Hanna hopes to use the technique to develop human synthetic embryos that can be a source of new organs and tissues for people who need them.
What about humans?
But translating this work into humans won’t be easy. Researchers have coaxed human stem cells to become blastocysts and even to mimic some aspects of gastrulation — when the early embryo organizes into distinct layers composed of different cell types. But reaching the stage of organ formation in human cells, which happens about a month after fertilization, presents a significant technical challenge. Still, Ali Brivanlou, a developmental biologist at Rockefeller University in New York, is optimistic. “The field is not too far away.”

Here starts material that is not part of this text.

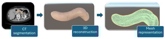 For a detailed representation of the soft tissue, the organ was reconstructed from CT scans. The process was carried out in Slicer 3D [21], where the targeted organ was segmented using the Total Segmentator module [22]. This method separates the targeted organ by analyzing color differences between pixels in the CT slices. After segmentation, the organ was reconstructed, and the model was exported as a 3D object. The final object was then imported into Unity, where custom textures were applied to give it a more accurate appearance of porcine tissues. The workflow for patient-specific pancreas modeling consists of CT segmentation of the organ, followed by 3D reconstruction, and mesh representation for simulation purposes, as illustrated in Figure 6.

And the more advanced these embryos become, the greater the ethical concerns. One key question is whether these synthetic structures should be considered embryos, a point of debate in the field. The International Society for Stem Cell Research has long advised against culturing human embryos past day 14 (equivalent to day 6 in a mouse) — roughly when the ‘primitive steak’ appears, the structure that marks the beginning of gastrulation. In 2021, the society removed the limit and issued news guidelines saying that such research should have a compelling scientific rationale, and should use the minimum number of embryos necessary to achieve the scientific objective.
Still, Pera sees a need for a continued conversation about the ethics of such models. Researchers have been working on human embryo models for years without much opposition. But he worries about a backlash as researchers begin to develop human embryo models that start developing organs. “The reaction to that could jeopardize this whole field of research,” he says. “It’s important that people know what is being proposed and that it’s done with some kind of ethical consensus,” adds Pera. “We have to go cautiously.”